His attitude is borne from circumstance. The less he cares, the easier it is to move on when a guy he happens to be interested in turns him down, stops talking to him, and so on. Relatable? Oh definitely.
But it’s the positive sides of not caring that I’ve been looking to adapt for myself. He’s tweeted before about how he’ll carry his mom’s purse around and not give a single fuck what anyone else says or thinks. When you think about it, it’s a remarkably courageous thing to do, especially for someone in the south as many (but not all) people are rather renowned for their anti-gay stance on things. And it’s that exact level of courage I would literally kill to have. On paper, it’s relatively simple: What anyone else thinks of you matters very little. As long as you’re happy with yourself, that’s what’s important. In reality, it’s not always the easiest thing to accomplish. But he makes it look so easy. Oh, someone I want to talk to hasn’t texted me back? I should check if there’s anything on Netflix.
It’s simplistic things like that that I wish I had for myself, because I’m convinced many aspects of my life would be relatively easier if I could pull it off. A number of things that stress the average person out are things he hardly bats an eye about. It’s so rare to meet someone like that.
In addition to that, he also taught me an important lesson: If I want something bad enough, I have the endurance, mental patience, and commitment to get it, and honestly it’s a relief to know that I have the capability to do that.
With him, it took a lot of commitment to break down the walls he had. It’s like the first few days of living with a new roommate at college and beginning the process of getting to know them. You can’t make assumptions too early. You can’t pass judgment until you know the full story.
For so long, I placed very little value in the saying that people will either break you or teach you a lesson, that people come into your life to help you or hurt you. But I believe that somehow, in the weirdest way possible, I needed to learn this. All of this. And I did.
Long live all the walls I broke through, and the lessons I learned from this. It’s the start of a new age for me. They serve now as a reminder of my persistence, and effort, and determination to get to this realization. And while there may be things with our friendship that I regret, and things I wish I could’ve done (and in some cases, not have done), I am altogether thankful to have him as a friend, at a time when I have very few friends to begin with. People can get so caught up on someone not texting back, or at all even. But it’s even more important to think of the people who do reply.
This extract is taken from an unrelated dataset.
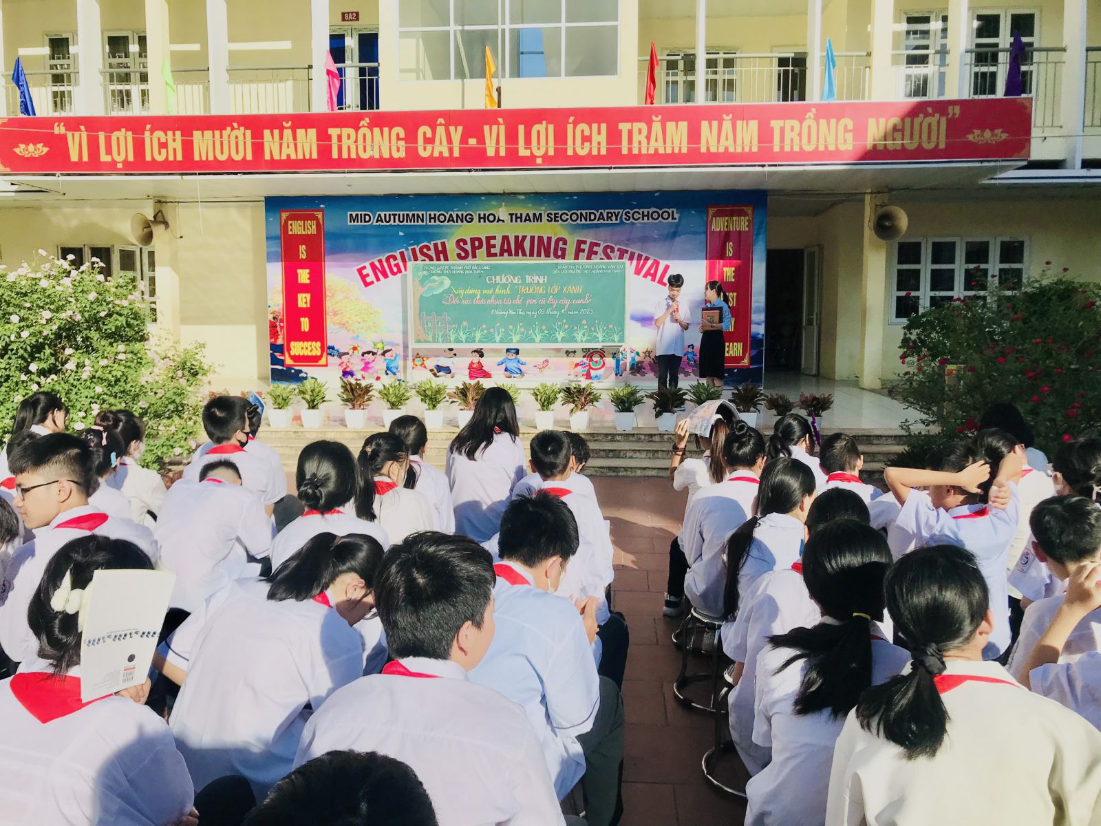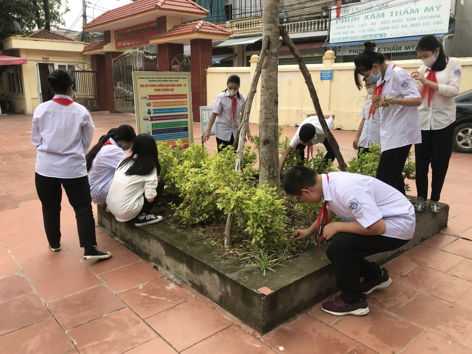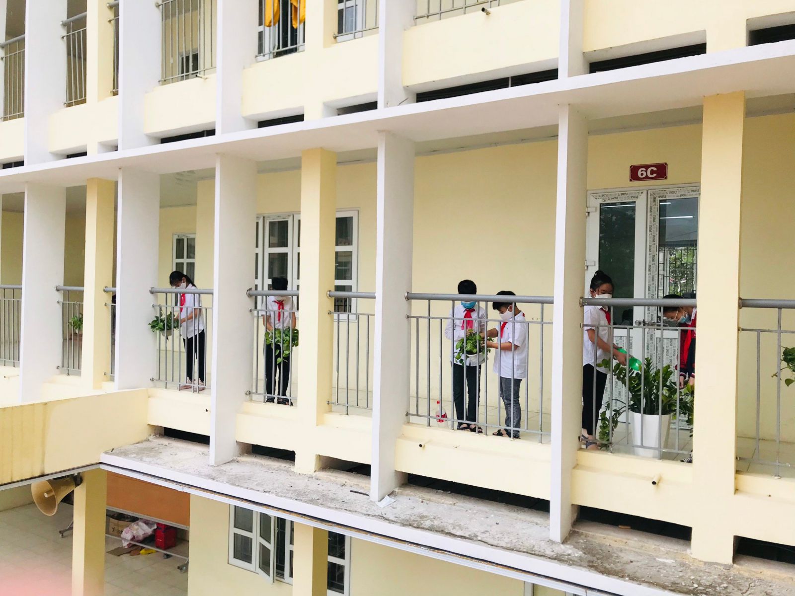 Trong chương trình, cô giáo Dương Thị Minh Nguyệt cũng đã phát động mô hình xây dựng “Trường lớp xanh”. Ngay sau khi phát động, các bạn học sinh trong nhà trường đã hưởng ứng bằng những việc làm cụ thể như nhổ cỏ, tưới nước và chăm sóc các bồn hoa cây cảnh trong nhà trường; Treo trang trí các chậu cây cảnh vừa đổi được dọc hành lang lớp học… Đây là một hoạt động rất ý nghĩa và thiết thực của thầy và trò trường THCS Hoàng Hoa Thám để giúp cho các em có ý thức bảo vệ môi trường và giúp các em có một môi trường học tập xanh – sạch – đẹp.

Someone thousands of miles away is taking the time to reply to you, to see how you’re doing, to ask you about your day, and for the fact that people even make an effort to communicate with you, much less take the time to do so, that deserves something to be thankful for as well.
My reward for talking to him, as a result, is something far more valuable than any physical item I could ever have. My friendship with him has taught me things I may not have otherwise learned through other circumstances, and that’s more than anything I could ever receive.
The world is full of choices. Everything from the simplicity of deciding an outfit to deciding whether to go on a date. From buying a car to buying a new iPhone case. I remain convinced to this day, even more so now, that making my anonymous account was one of my better decisions in life because it’s led me to learn so much about myself, and about other people. All from making a Twitter account.
And that, in itself, is something to be thankful for. For realizations like that, and for people in my life like him; yes, flawed as any other person, but a part of my life nonetheless.